● EXERCISE DIRECTIONS: Return only the lines below starting at the line containing "전달용 봉투에 다음과 같은 문구를 손글씨로 적어보세요." and ending at the line containing "Break - Jídelní", both included, exactly as they are and with no pictures.

● MATERIAL SHOWN:
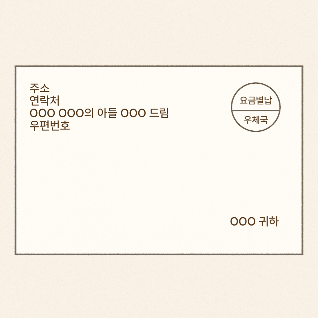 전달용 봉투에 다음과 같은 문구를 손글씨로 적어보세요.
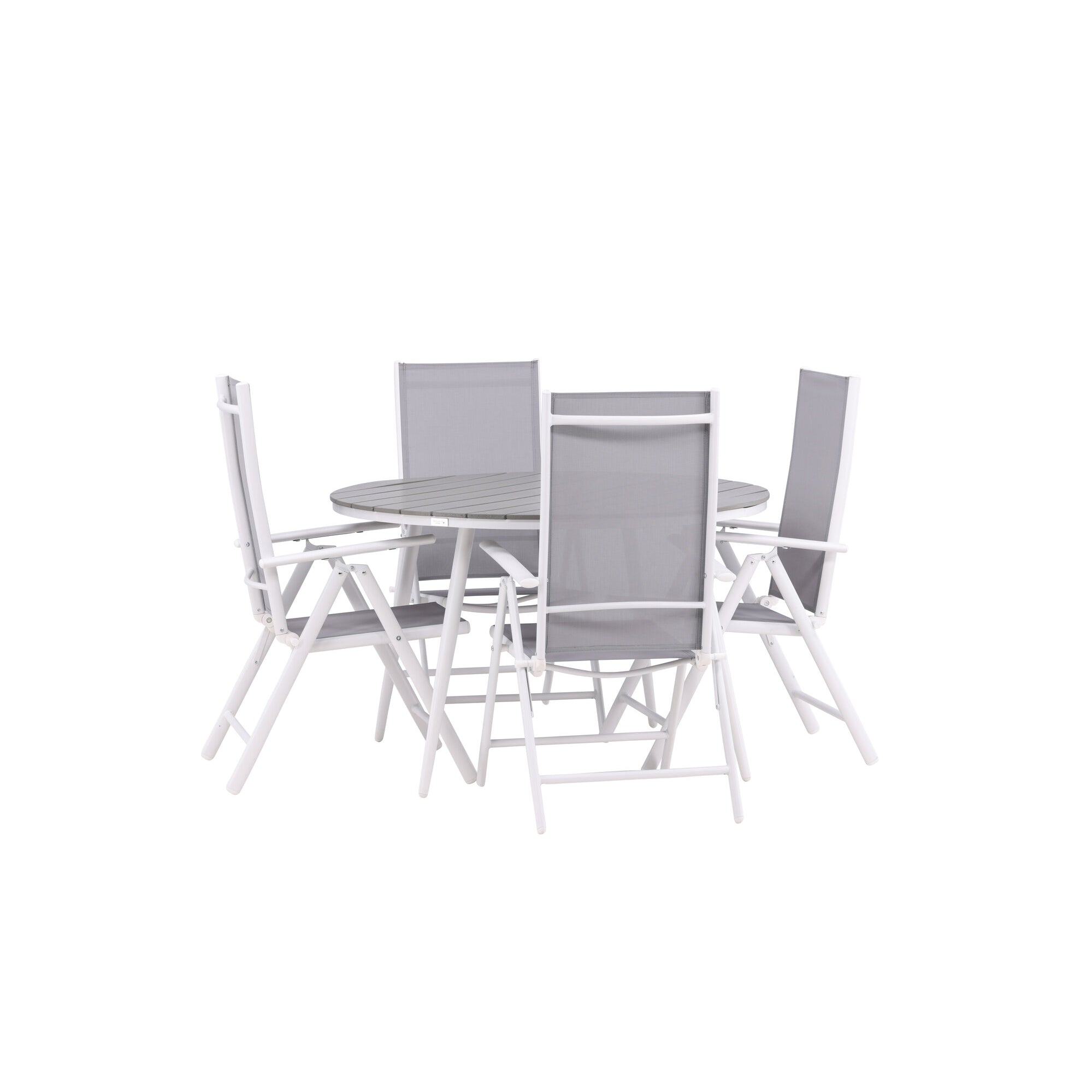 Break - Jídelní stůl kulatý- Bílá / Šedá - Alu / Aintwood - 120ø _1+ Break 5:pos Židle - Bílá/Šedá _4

==

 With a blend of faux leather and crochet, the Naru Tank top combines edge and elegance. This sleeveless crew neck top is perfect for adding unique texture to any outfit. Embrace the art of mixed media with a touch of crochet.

● RESULT BELOW:
 전달용 봉투에 다음과 같은 문구를 손글씨로 적어보세요.
 Break - Jídelní stůl kulatý- Bílá / Šedá - Alu / Aintwood - 120ø _1+ Break 5:pos Židle - Bílá/Šedá _4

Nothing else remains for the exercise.